Поскольку исходные данные недоступны, я создал несколько тестовых данных. Подход заключается в следующем. Если данные представляют собой набор плато со скачками, проверка стандартного отклонения в движущемся окне даст пики при скачках. С порога изолировать пики. Получите оценку скачка, посмотрев данные после применения скользящего среднего. Это обеспечивает хорошую отправную точку для примерки. В качестве функции подгонки я снова использую мой любимый tanh
.
Результат выглядит следующим образом:
import matplotlib.pyplot as plt
import numpy as np
from operator import itemgetter
from itertools import groupby
from scipy.optimize import leastsq
def moving_average( data, windowsize, **kwargs ):
mode=kwargs.pop('mode', 'valid')
weight = np.ones( windowsize )/ float( windowsize )
return np.convolve( data, weight, mode=mode)
def moving_sigma( data, windowsize ):
l = len( data )
sout = list()
for i in range( l - windowsize + 1 ):
sout += [ np.std( data[ i : i + windowsize ] ) ]
return np.array( sout )
def m_step( x, s, x0List, ampList, off ):
assert len( x0List ) == len( ampList )
out = [ a * 0.5 * ( 1 + np.tanh( s * (x - x0) ) ) for a, x0 in zip( ampList, x0List )]
return sum( out ) + off
def residuals( params, xdata, ydata ):
assert not len(params) % 2
off = params[0]
s = params[1]
rest = params[2:]
n = len( rest )
x0 = rest[:n/2]
am = rest[n/2:]
diff = [ y - m_step( x,s, x0, am, off ) for x, y in zip( xdata, ydata ) ]
return diff
### generate data
np.random.seed(776)
a=0
data = list()
for i in range(15):
a = 50 * ( 1 - 2 * np.random.random() )
for _ in range ( np.random.randint( 5, 35 ) ):
data += [a]
xx = np.arange( len( data ), dtype=np.float )
noisydata = list()
for x in data:
noisydata += [ x + np.random.normal( scale=5 ) ]
###define problem specific parameters
myWindow = 10
thresh = 8
cutoffscale = 1.1
### data treatment
avdata = moving_average( noisydata, myWindow )

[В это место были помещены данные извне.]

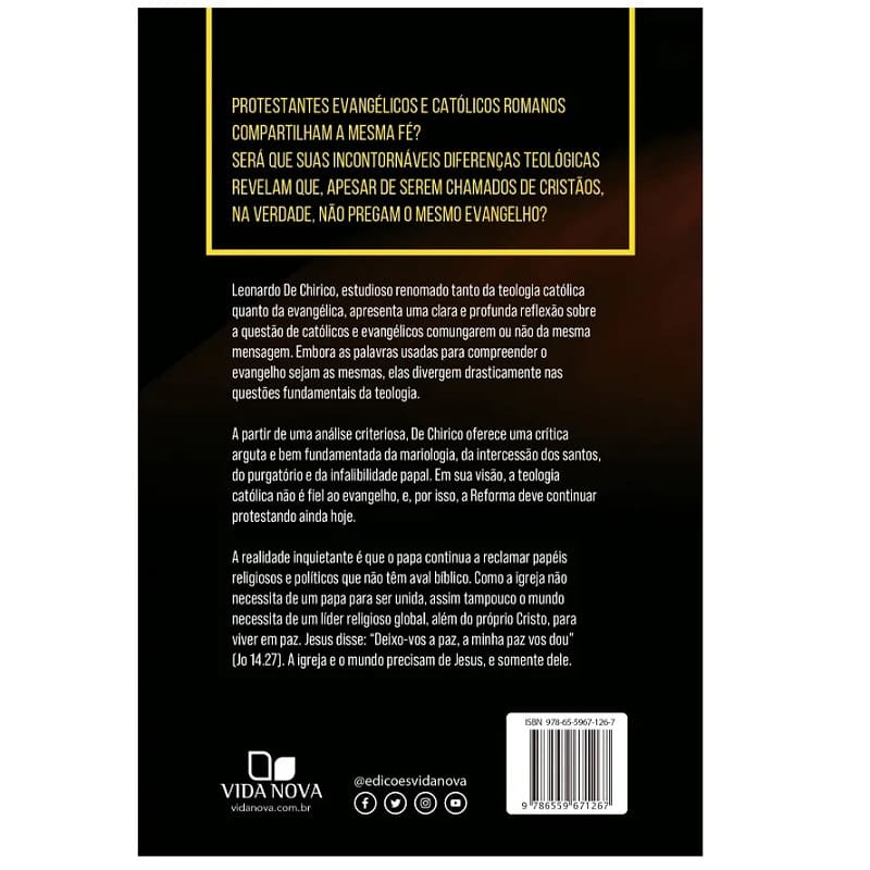 Leonardo De Chirico, estudioso renomado tanto da teologia católica quanto da evangélica, apresenta uma clara e profunda reflexão sobre a questão de católicos e evangélicos comungarem ou não da mesma mensagem. Embora as palavras usadas para compreender o evangelho sejam as mesmas, elas divergem drasticamente nas questões fundamentais da teologia.

avx = moving_average( xx, myWindow )
sdata = moving_sigma( noisydata, myWindow )
### getting start values for the fit
seq = [x for x in np.where( sdata > thresh )[0] ]
# from https://stackoverflow.com/a/3149493/803359
jumps = [ map( itemgetter(1), g ) for k, g in groupby( enumerate( seq ), lambda ( i, x ) : i - x ) ]
xjumps = [ [ avx[ k ] for k in xList ] for xList in jumps ]
means = [ np.mean( x ) for x in xjumps ]
### the delta is too small as one only looks above thresh so lets increase it by guessing
deltas = [ ( avdata[ x[-1] ] - avdata[ x[0] ] ) * cutoffscale for x in jumps ]
guess = [ avdata[0], 2] + means + deltas
### fitting
sol, err = leastsq( residuals, guess, args=( xx, noisydata ), maxfev=10000 )
fittedoff = sol[0]
fitteds = sol[1]
fittedx0 = sol[ 2 : 2 + len( means ) ]
fittedam = sol[ 2 + len( means ) : ]
### plotting
fig = plt.figure()
ax = fig.add_subplot( 1, 1, 1 )
# ~ ax.plot( data )
ax.plot( xx, noisydata, label='noisy data' )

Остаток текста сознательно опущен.